I myself prefer paint. I've never liked magnets on my paint and after having vinyl lettering on my current daily driver (white) I have the typical fading underneath.  The lettering will eventually need to be replaced and you will have either fading or more gloss under the protected lettered areas which will stick out afterwards.

That being said, I am currently incorporating a different strategy since I have a different summer line of work. I'm having my truck painted a custom two-tone with all the lettering and text on the bed and tailgate. I bought a parts truck and will have the bed from that truck painted exactly like the first with the exception of my company name and lettering. In the spring, after the possibility of snow is gone, I will put the bed on with my summer line (Cool Toys) and then in the fall after people stop riding their PWC, I will switch the beds with my winter business (Ice Angels). This way, I get the professional look of permanence that people want to see.
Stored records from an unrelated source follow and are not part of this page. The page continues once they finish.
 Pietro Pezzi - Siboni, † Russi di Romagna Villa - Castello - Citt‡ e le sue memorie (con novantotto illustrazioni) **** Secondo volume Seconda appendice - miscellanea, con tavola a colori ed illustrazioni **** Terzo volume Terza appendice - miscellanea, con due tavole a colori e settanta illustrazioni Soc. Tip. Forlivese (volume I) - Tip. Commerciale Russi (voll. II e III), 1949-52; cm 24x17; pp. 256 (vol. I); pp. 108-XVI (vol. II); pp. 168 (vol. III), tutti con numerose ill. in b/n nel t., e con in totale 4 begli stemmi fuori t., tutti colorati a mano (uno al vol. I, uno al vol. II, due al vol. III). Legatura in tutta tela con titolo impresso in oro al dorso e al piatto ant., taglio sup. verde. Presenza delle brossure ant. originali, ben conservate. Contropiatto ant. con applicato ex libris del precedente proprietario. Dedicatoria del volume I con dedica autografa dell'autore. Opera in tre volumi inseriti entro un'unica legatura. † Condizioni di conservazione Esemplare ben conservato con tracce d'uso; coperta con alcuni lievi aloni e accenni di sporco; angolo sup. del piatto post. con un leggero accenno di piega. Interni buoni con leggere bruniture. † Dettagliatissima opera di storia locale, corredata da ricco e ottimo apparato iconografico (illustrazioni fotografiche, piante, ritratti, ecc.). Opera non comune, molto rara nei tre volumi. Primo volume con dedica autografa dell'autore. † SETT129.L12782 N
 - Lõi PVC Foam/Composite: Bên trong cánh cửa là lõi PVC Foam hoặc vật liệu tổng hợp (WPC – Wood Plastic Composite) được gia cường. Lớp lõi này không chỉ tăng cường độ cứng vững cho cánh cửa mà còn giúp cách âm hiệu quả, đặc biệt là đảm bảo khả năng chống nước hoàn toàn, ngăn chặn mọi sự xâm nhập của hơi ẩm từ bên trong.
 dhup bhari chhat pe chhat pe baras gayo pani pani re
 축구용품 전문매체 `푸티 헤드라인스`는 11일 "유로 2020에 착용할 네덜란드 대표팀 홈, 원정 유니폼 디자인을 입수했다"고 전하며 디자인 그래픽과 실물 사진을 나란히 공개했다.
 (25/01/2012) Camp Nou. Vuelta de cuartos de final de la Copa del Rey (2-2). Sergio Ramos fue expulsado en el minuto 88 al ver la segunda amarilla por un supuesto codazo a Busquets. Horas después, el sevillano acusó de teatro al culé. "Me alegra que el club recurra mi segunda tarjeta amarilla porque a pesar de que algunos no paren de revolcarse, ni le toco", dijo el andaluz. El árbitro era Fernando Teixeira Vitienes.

Magnets just give the impression of a temporary person. Vinyl lettering is becoming similar but painting indicates that I am here to stay...which I am.


----------



## BigBoyPlowin (Nov 16, 2012)

LuckyPlower;1564402 said:


> Just remember if you go the more permanent route with the lettering you are 24/7 representing the company.* no road rage allowed. * I have a talk with the guys about the importance of representing the company at all times.
> 
> My votes with the more permanent lettering. Looks pro, more diverse. I would recommend something on the tailgate as well


Roll The window down and i'm Incognito! 
Even on my personal truck i have the same lettering But just ALOT smaller in the same location Only way i can explain it is that its about the same size as half a piece of paper on my personal truck. Only because we use it in the winter. Even then i have found myself honking at People/ customers... Nothings worse than getting that call to your cell phone saying. "One of YOUR WORKERS just honked at me..." I'm sorry but I...I mean he had somewhere to go!

Best thing to do is get Lettering on the Dump Box If its a Dump Truck and On the Windows if its a Pickup truck. Only once have i put it on the actual door.. Better resale value!


----------



## beanz27 (Dec 22, 2012)

Well my issue with permanent lettering/painting is the fact that I have two seperate business. I have a hay business in the summer, and will hopefully have the snow business in the winter. I don't get road rage for the most part so I'm not concerned about representing the company whenever I drive, but more of being bothered with idiots asking stupid things in the summer.


----------